One part of the entries below is wanted: the lines from the one containing "9月30日广东粤茂 废锂电采购报价" through the one containing "تتقدم اسرة معهد". Write those out exactly and nothing else.

--- Supplied information Enclosed Below ---

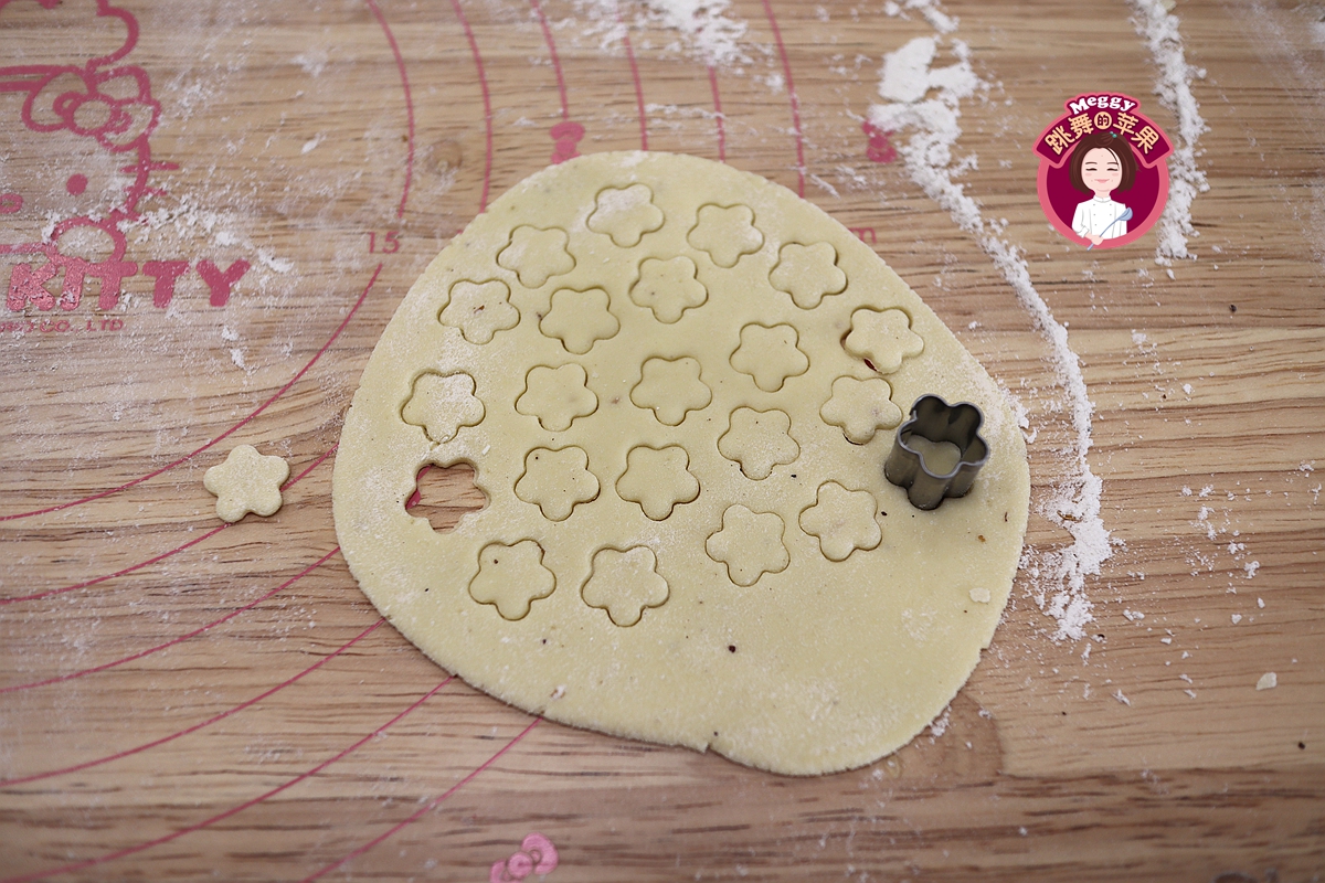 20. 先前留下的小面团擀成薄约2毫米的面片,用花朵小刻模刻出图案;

--- End of Enclosed Supplied information ---
--- Supplied information Enclosed Below ---

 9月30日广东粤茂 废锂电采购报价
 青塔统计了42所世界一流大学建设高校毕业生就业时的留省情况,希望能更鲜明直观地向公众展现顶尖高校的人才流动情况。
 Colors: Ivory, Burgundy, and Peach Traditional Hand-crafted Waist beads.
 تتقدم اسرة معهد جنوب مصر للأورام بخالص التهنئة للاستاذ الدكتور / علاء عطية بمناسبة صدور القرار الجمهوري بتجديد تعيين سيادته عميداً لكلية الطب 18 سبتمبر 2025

--- End of Enclosed Supplied information ---

» **Result of the exercise**
 9月30日广东粤茂 废锂电采购报价
 青塔统计了42所世界一流大学建设高校毕业生就业时的留省情况,希望能更鲜明直观地向公众展现顶尖高校的人才流动情况。
 Colors: Ivory, Burgundy, and Peach Traditional Hand-crafted Waist beads.
 تتقدم اسرة معهد جنوب مصر للأورام بخالص التهنئة للاستاذ الدكتور / علاء عطية بمناسبة صدور القرار الجمهوري بتجديد تعيين سيادته عميداً لكلية الطب 18 سبتمبر 2025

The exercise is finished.